## What to do
Your copy should hold exactly the lines from the one containing "なかなか1kgにならず、水を" through the last line of the entries, and no pictures.
Records supplied Start Marker
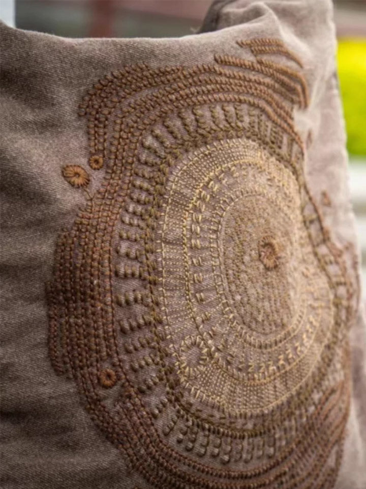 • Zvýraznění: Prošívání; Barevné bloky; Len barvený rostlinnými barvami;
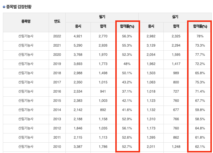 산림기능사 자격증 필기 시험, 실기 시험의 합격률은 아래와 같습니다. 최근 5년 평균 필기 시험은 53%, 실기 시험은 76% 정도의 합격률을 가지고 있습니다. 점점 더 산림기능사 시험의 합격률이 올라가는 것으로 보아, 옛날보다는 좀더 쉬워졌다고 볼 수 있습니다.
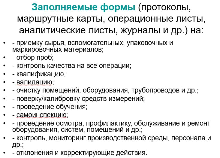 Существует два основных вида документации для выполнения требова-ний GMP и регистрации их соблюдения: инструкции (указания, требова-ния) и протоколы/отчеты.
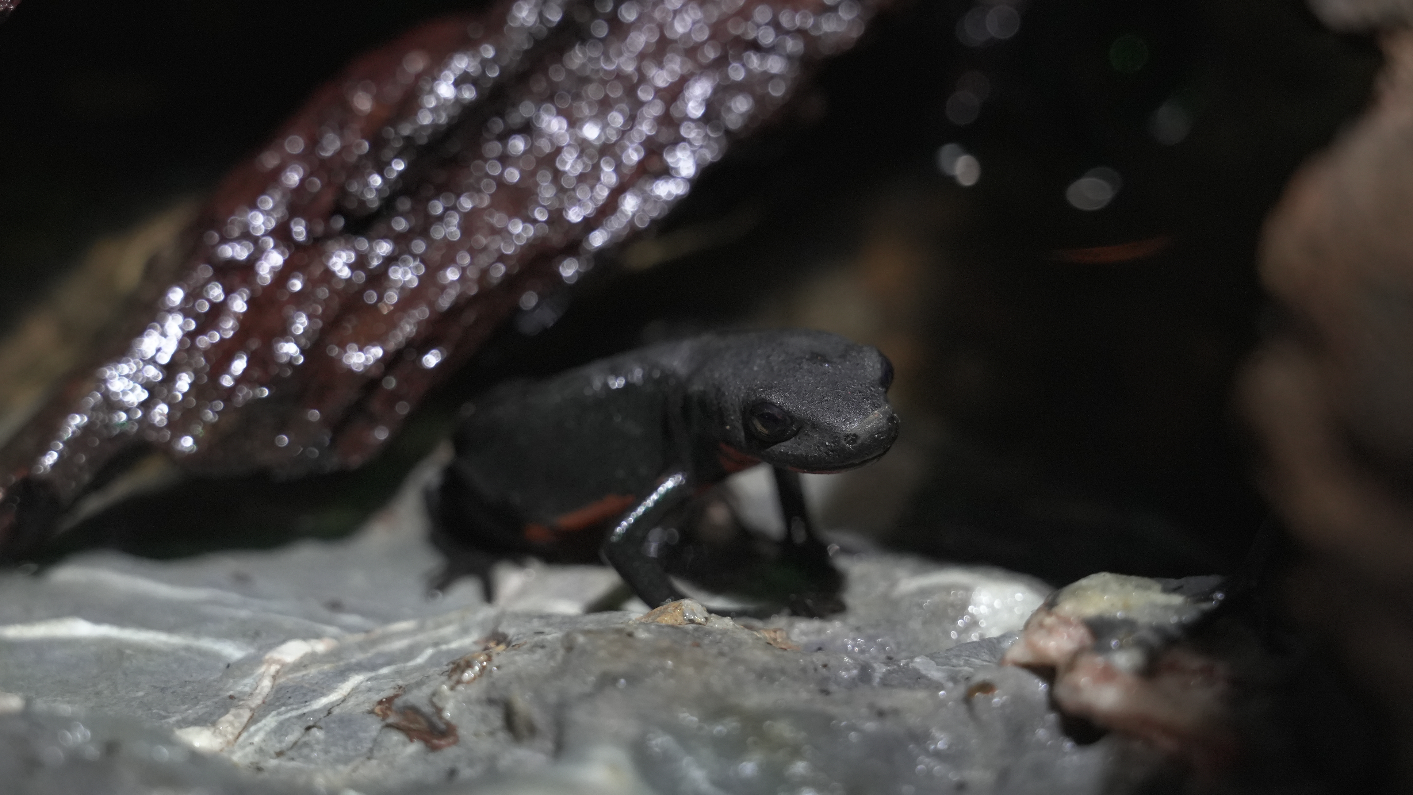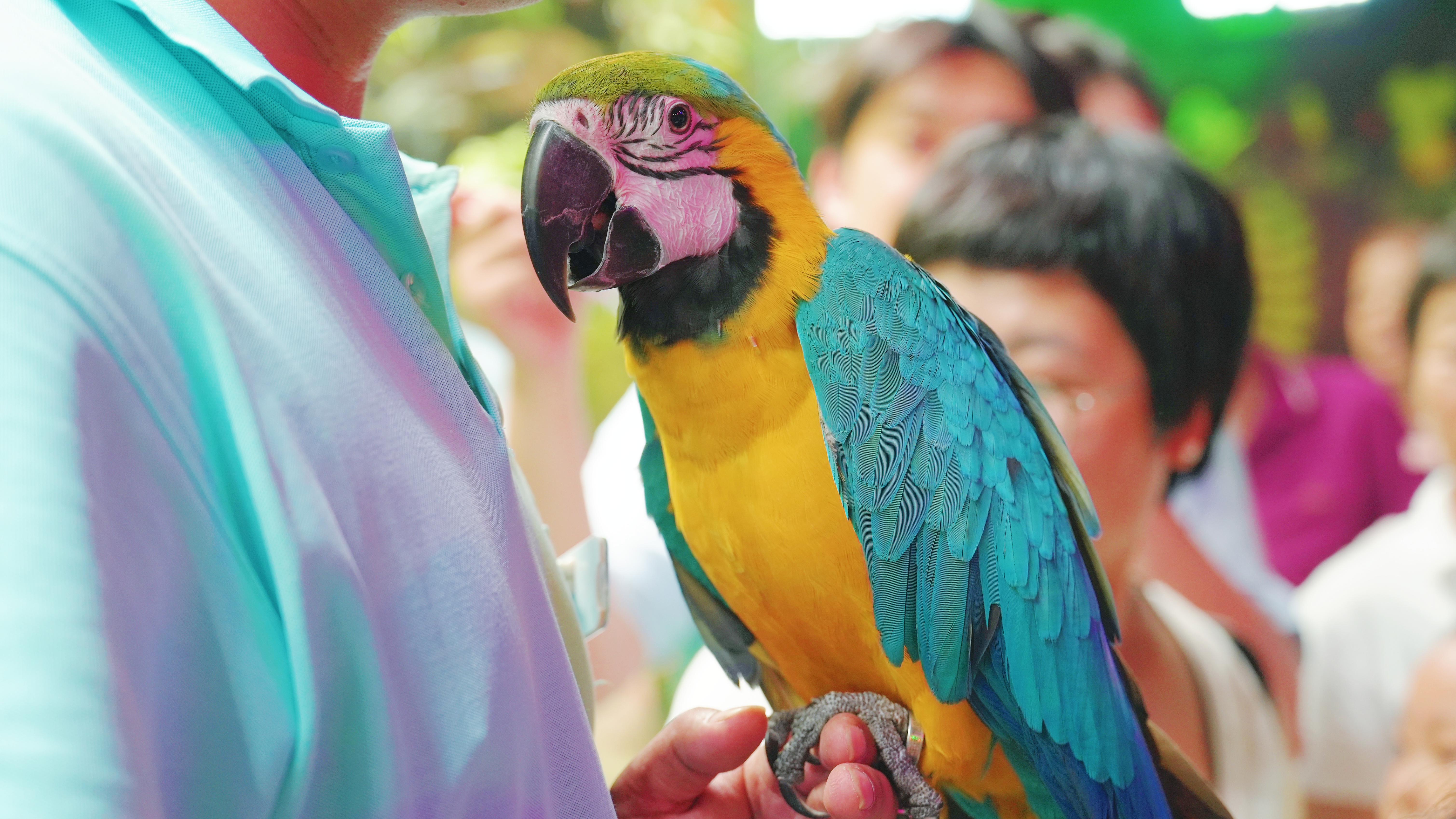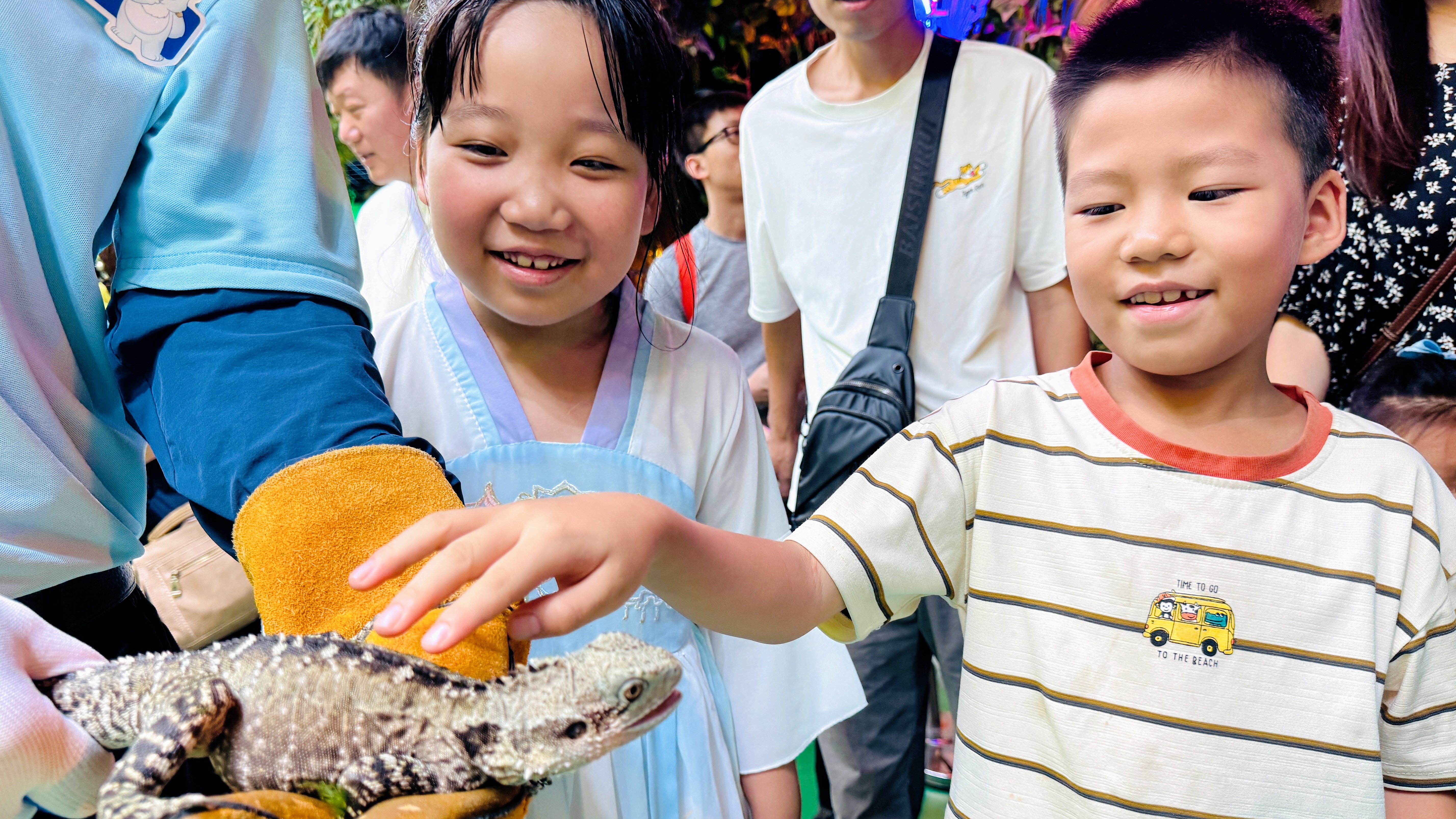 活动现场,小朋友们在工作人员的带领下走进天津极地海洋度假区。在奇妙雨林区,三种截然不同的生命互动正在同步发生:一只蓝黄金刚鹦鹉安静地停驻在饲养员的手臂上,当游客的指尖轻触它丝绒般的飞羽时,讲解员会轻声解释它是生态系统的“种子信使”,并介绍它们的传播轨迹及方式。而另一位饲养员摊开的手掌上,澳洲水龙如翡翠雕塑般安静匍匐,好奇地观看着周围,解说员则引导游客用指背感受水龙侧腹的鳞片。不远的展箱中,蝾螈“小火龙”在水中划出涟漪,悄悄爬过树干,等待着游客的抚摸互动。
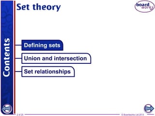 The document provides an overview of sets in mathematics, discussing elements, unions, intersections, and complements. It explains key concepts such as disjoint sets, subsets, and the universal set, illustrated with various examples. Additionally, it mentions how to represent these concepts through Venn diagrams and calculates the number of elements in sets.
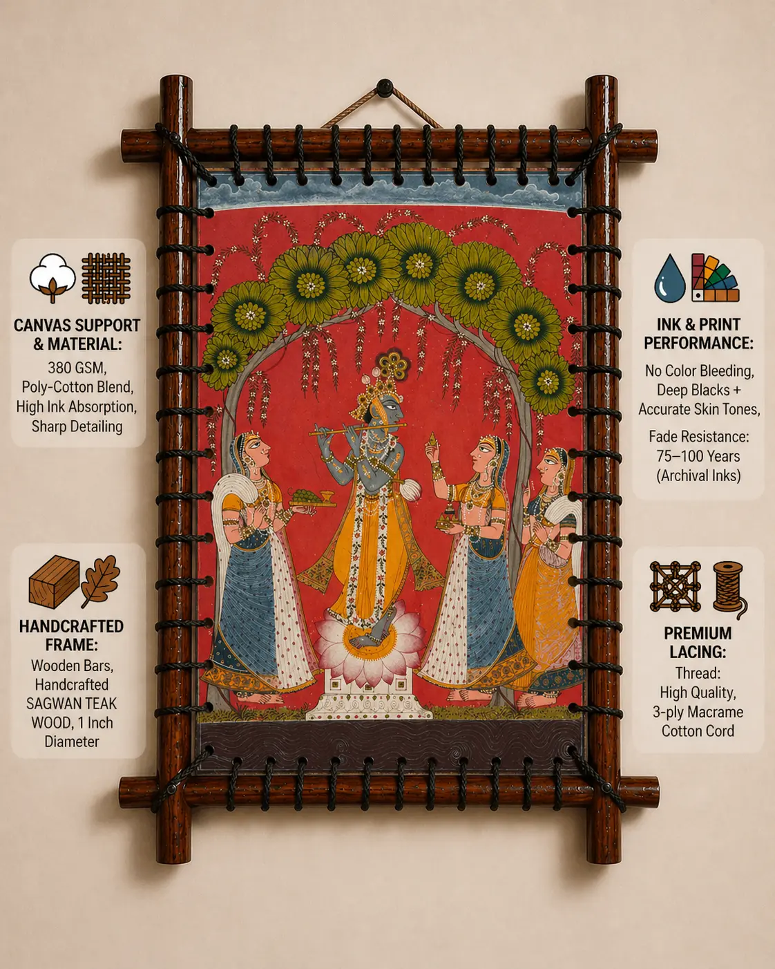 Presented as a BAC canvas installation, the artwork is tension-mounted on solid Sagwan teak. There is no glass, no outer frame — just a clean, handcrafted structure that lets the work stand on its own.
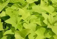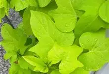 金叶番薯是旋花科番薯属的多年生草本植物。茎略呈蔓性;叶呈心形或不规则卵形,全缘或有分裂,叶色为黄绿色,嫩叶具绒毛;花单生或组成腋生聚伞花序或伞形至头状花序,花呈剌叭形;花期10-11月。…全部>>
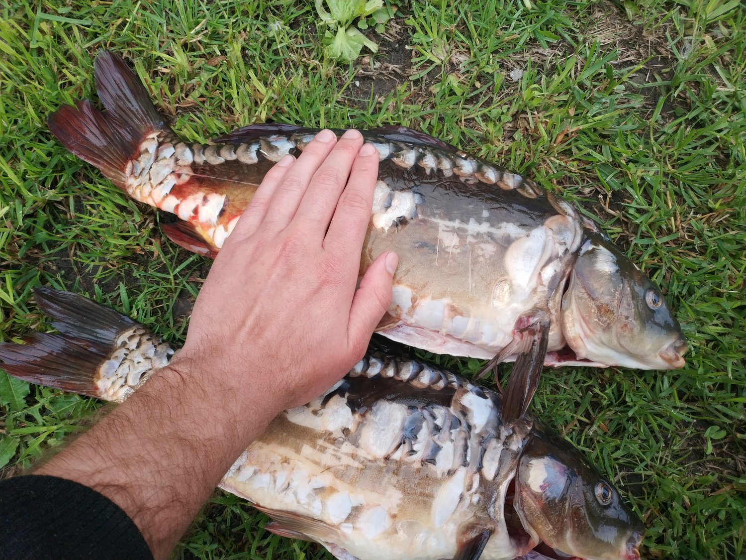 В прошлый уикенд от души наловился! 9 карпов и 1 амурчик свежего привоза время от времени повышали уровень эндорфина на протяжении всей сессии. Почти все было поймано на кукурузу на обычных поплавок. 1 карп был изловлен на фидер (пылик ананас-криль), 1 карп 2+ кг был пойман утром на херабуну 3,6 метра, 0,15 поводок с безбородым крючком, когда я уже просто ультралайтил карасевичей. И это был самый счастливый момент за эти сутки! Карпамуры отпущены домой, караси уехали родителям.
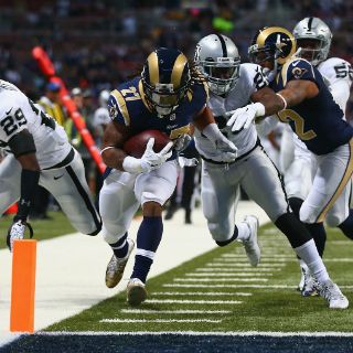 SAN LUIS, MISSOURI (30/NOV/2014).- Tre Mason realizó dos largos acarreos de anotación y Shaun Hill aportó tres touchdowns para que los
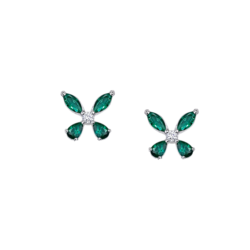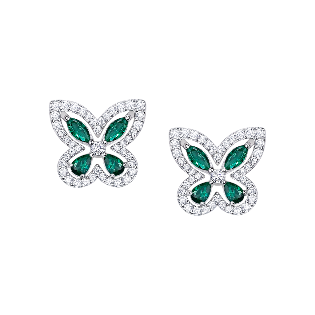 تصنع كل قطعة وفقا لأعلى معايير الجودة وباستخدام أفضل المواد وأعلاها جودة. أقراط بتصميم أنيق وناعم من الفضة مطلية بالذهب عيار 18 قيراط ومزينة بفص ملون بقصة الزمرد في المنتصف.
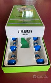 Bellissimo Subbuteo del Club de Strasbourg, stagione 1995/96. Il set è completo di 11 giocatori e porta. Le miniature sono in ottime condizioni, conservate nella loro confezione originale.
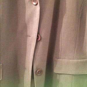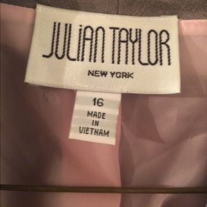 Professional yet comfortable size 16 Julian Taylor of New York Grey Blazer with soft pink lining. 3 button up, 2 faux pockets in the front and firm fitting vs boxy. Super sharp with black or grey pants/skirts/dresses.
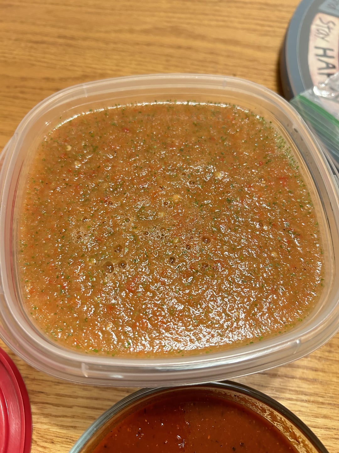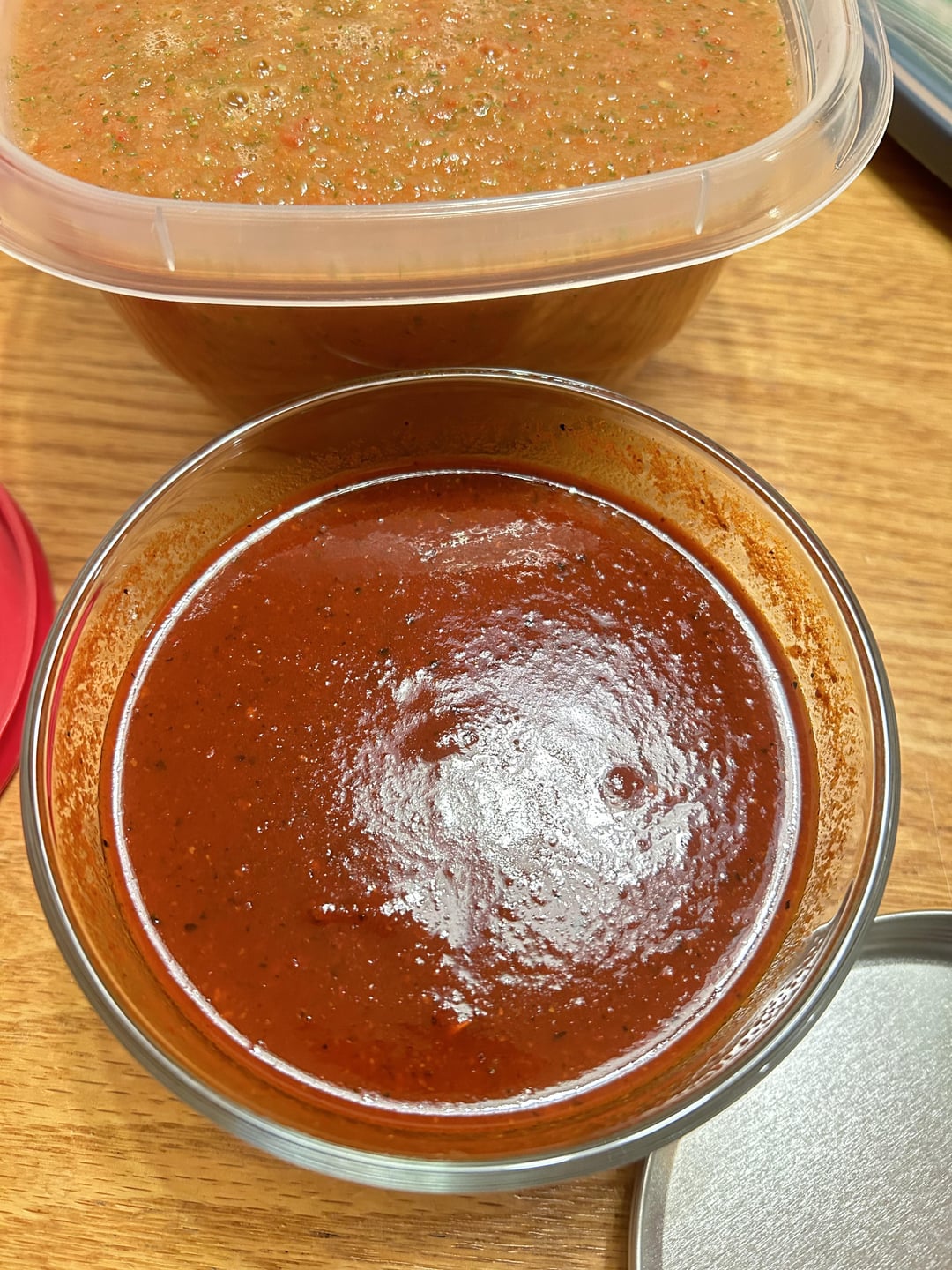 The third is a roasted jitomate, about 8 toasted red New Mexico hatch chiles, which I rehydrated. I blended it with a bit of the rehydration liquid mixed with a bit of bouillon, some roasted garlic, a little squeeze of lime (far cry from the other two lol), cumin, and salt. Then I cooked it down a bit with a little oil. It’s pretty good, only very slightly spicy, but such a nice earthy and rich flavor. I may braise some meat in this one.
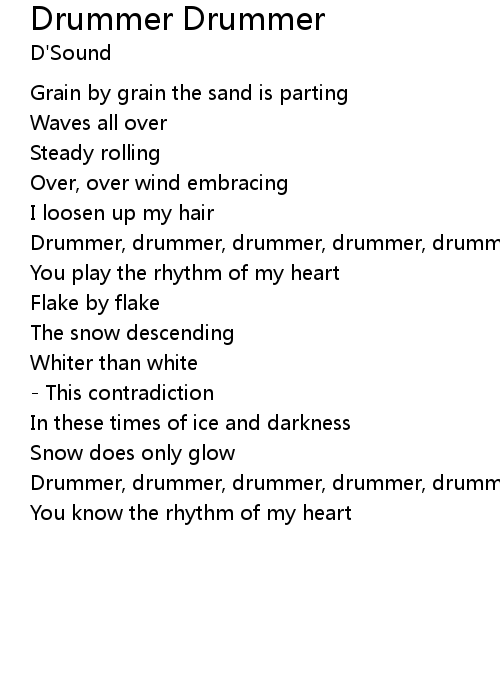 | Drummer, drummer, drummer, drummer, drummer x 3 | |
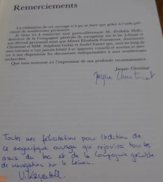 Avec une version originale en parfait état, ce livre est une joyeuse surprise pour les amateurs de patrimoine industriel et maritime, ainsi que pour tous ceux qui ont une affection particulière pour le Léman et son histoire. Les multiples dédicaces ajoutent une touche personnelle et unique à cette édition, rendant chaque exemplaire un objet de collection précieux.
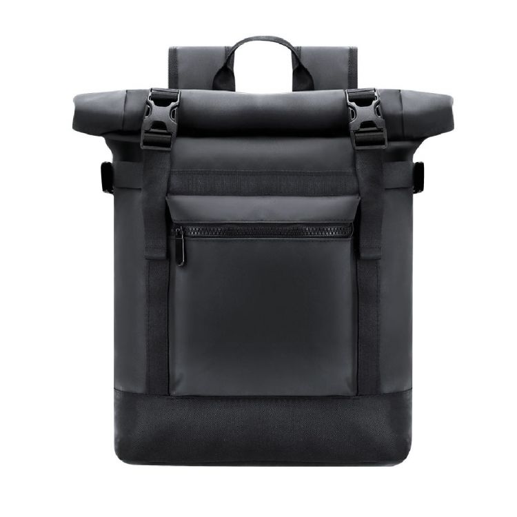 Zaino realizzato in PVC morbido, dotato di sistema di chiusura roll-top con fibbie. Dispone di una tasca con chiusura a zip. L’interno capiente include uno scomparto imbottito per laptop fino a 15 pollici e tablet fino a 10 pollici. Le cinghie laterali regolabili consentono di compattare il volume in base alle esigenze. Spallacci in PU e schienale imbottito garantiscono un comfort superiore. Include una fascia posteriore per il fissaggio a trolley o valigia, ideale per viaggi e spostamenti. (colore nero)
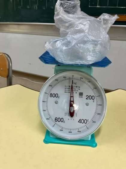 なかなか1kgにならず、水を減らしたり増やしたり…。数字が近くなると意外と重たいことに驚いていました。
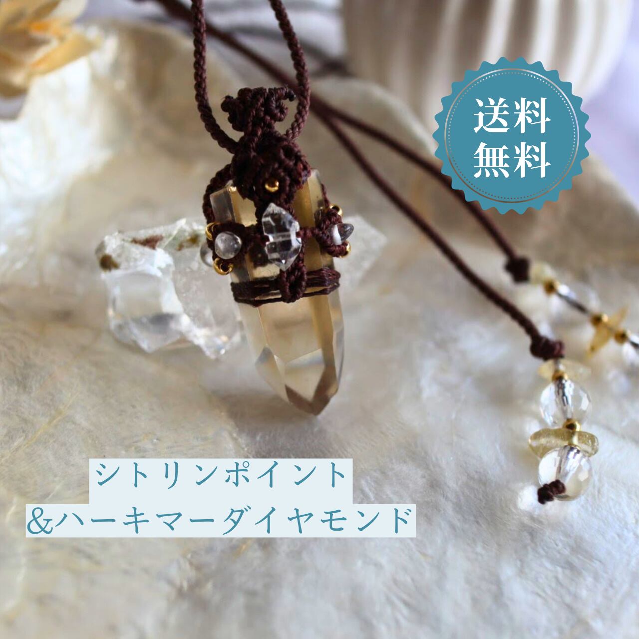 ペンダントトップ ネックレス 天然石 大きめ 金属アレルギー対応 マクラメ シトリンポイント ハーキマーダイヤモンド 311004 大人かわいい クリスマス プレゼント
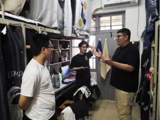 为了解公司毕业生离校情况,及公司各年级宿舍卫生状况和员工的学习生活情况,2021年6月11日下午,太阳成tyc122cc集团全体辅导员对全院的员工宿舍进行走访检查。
Records supplied End Marker
## Answer box
 なかなか1kgにならず、水を減らしたり増やしたり…。数字が近くなると意外と重たいことに驚いていました。
 ペンダントトップ ネックレス 天然石 大きめ 金属アレルギー対応 マクラメ シトリンポイント ハーキマーダイヤモンド 311004 大人かわいい クリスマス プレゼント
 为了解公司毕业生离校情况,及公司各年级宿舍卫生状况和员工的学习生活情况,2021年6月11日下午,太阳成tyc122cc集团全体辅导员对全院的员工宿舍进行走访检查。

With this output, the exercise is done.